Optimizations
- Improved performance of Level 2 rocBLAS GEMV on gfx90a GPU for non-transposed problems having small matrices and larger batch counts. Performance enhanced for problem sizes when m and n <= 32 and batch_count >= 256.
- Improved performance of rocBLAS syr2k for single, double, and double-complex precision, and her2k for double-complex precision. Slightly improved performance for general sizes on gfx90a.
Added
- Added bf16 inputs and f32 compute support to Level 1 rocBLAS Extension functions axpy_ex, scal_ex and nrm2_ex.
Deprecated
- trmm inplace is deprecated. It will be replaced by trmm that has both inplace and out-of-place functionality
- rocblas_query_int8_layout_flag() is deprecated and will be removed in a future release
- rocblas_gemm_flags_pack_int8x4 enum is deprecated and will be removed in a future release
- rocblas_set_device_memory_size() is deprecated and will be replaced by a future function rocblas_increase_device_memory_size()

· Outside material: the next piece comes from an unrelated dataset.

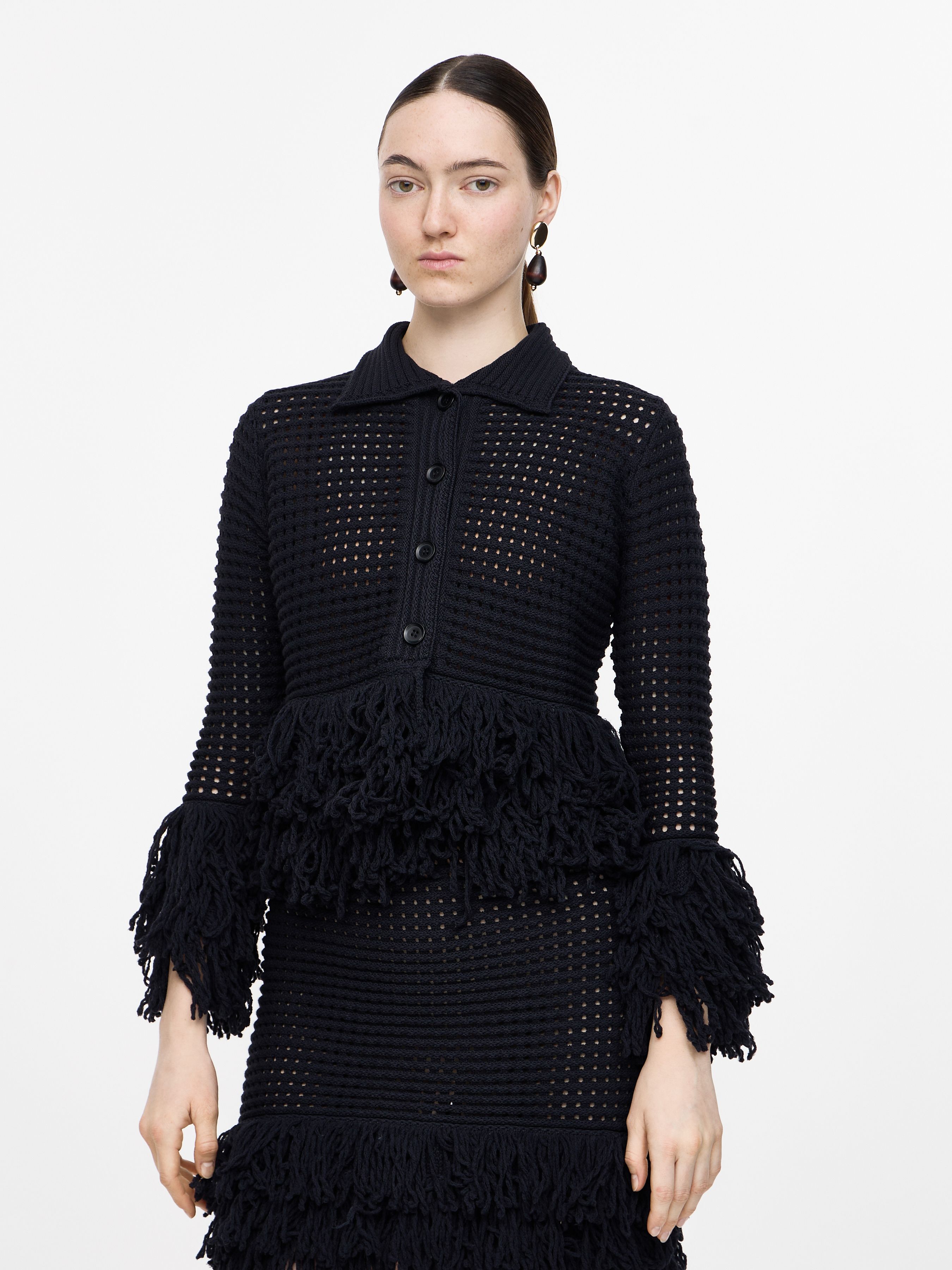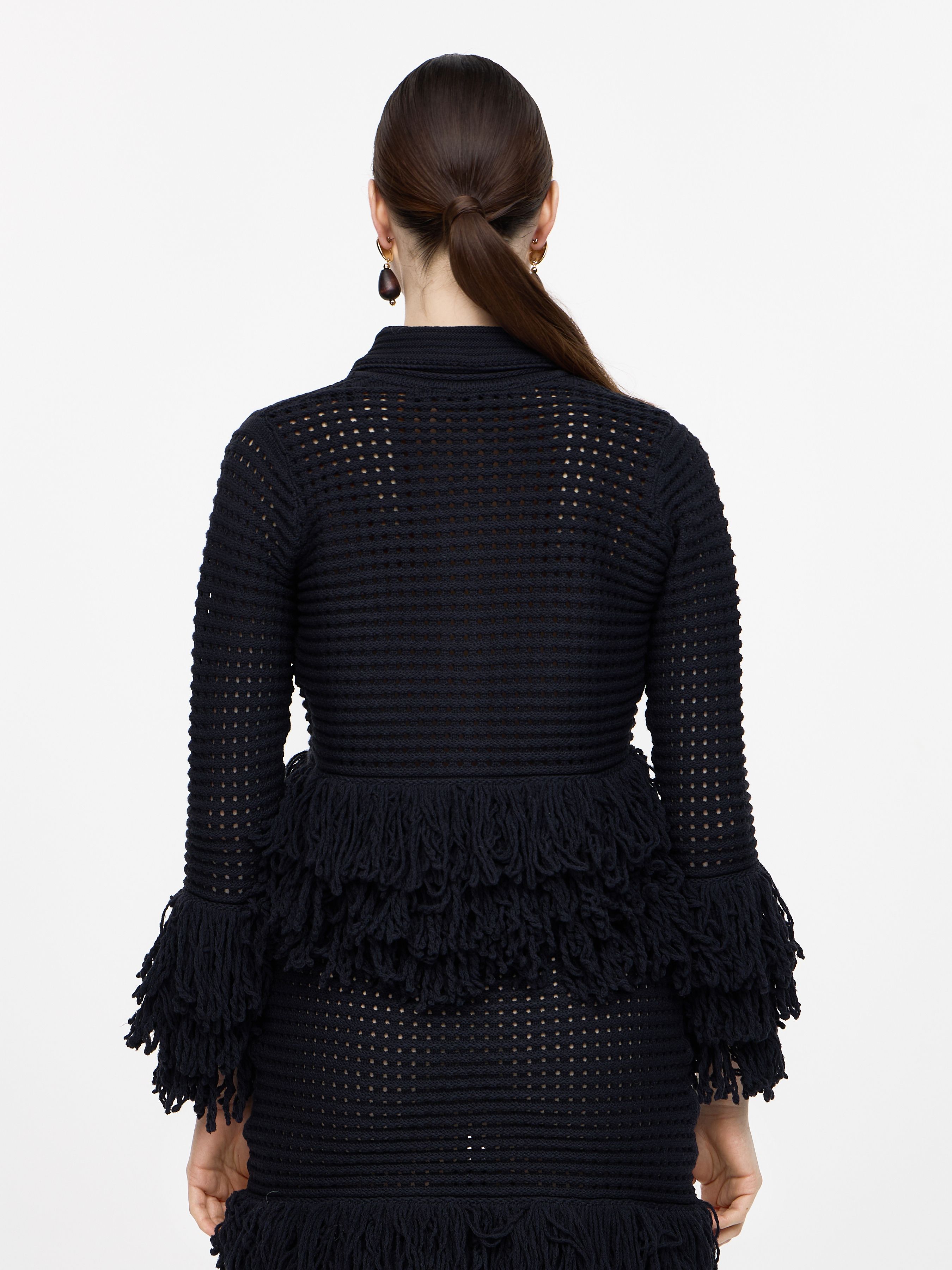 CHECKED KNIT JACKET WITH FRINGING

- rocblas_is_user_managing_device_memory() is deprecated and will be removed in a future release
Removed
- is_complex helper was deprecated and now removed. Use rocblas_is_complex instead.
- The enum truncate_t and the value truncate was deprecated and now removed from. It was replaced by rocblas_truncate_t and rocblas_truncate, respectively.
- rocblas_set_int8_type_for_hipblas was deprecated and is now removed.
- rocblas_get_int8_type_for_hipblas was deprecated and is now removed.
Dependencies
- build only dependency on python joblib added as used by Tensile build
- fix for cmake install on some OS when performed by install.sh -d --cmake_install
Fixed
- make trsm offset calculations 64 bit safe
Changed
- refactor rotg test code